As with all the other tools I've been describing Glimpse is installed by way of a NuGet package (the other four are optional extensions).

Install-Package Glimpse
Install-Package Glimpse.AspNet
Install-Package Glimpse.Mvc5
Install-Package Glimpse.EF6
Install-Package Glimpse-Knockout

To enable Glimpse either follow the instructions on the web page that was displayed when you installed the packages, or go to ~/Glimpse.axd and follow the presented directions.

Glimpse-ing into the mind of the machine...

The initial view of Glimpse in action will be a toolbar-style information block something similar to the following one displayed at the base of your page. As you navigate around your ASP.NET website this info-bar will automatically update to display information about the HTTP request, Server activities, MVC controller load times and any AJAX calls and timings.

Once you've found the page you're interested in, or are working on, you can get more detailed information on the three main areas (HTTP,HOST,AJAX) by hovering your mouse over them. When you do this a more detailed information pane will pop up and display a breakdown of the page load timings.

Detailed View

Glimpse will break this down into quite detailed sections of information, and if your MVC Controller makes database calls you'll even get a breakdown of how many calls and how long they took.

In the example above you can see that there were 3 database queries which each took around 50-60ms and that the view took 126ms to render. This isn't a particularly good example as there isn't a glaring problem to look at. Often you'll see situations where there's a huge time spent in one area (Render, or Query) and you can start digging into that area to try and optimise the page.

Super Detailed View

The final area of Glimpse is the detailed view.

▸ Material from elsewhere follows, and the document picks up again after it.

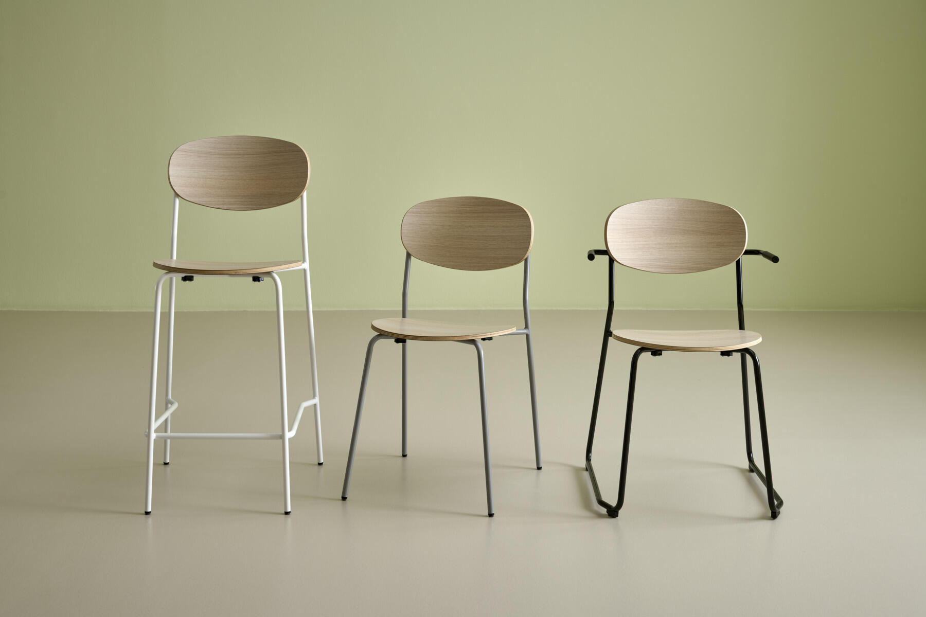 Stol Collab med stativ tillverkat av 16 mm rör, pulverlackerad i RAL 9006. Sits och rygg är i formpressad plywood för stabilitet och komfort. Produkten är testad och godkänd enligt standard EN 1729-2:2023. Stolen är stapelbar.
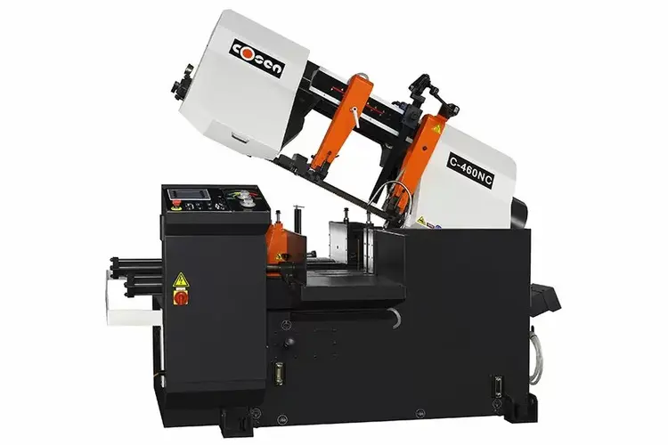 460mm Automatic horizontal scissor type band saw is a high production machine which incorporates a massive base, sturdy saw frame, with an extremely heavy-duty gear box, a 7.5HP drive motor, and a user-friendly programmable control for ease of operation.

This is accessed by clicking on the "g" at the right of the original Glimpse info-bar. As you can see from the example below there is a huge amount of information available at your fingertips ranging from the web.config configuration settings, through to server-side model binding information, loaded modules, MVC routes and even client-side SPA binding information.

In Summary

Glimpse is a very easy tool to get started with, and it offers a valuable insight into the inner workings of your ASP.NET website. It's one of those tools that way more people should know about and be using to help diagnose those tricky performance-related issues when developing MVC websites. I'd strongly urge anyone who's working on .NET websites to check it out.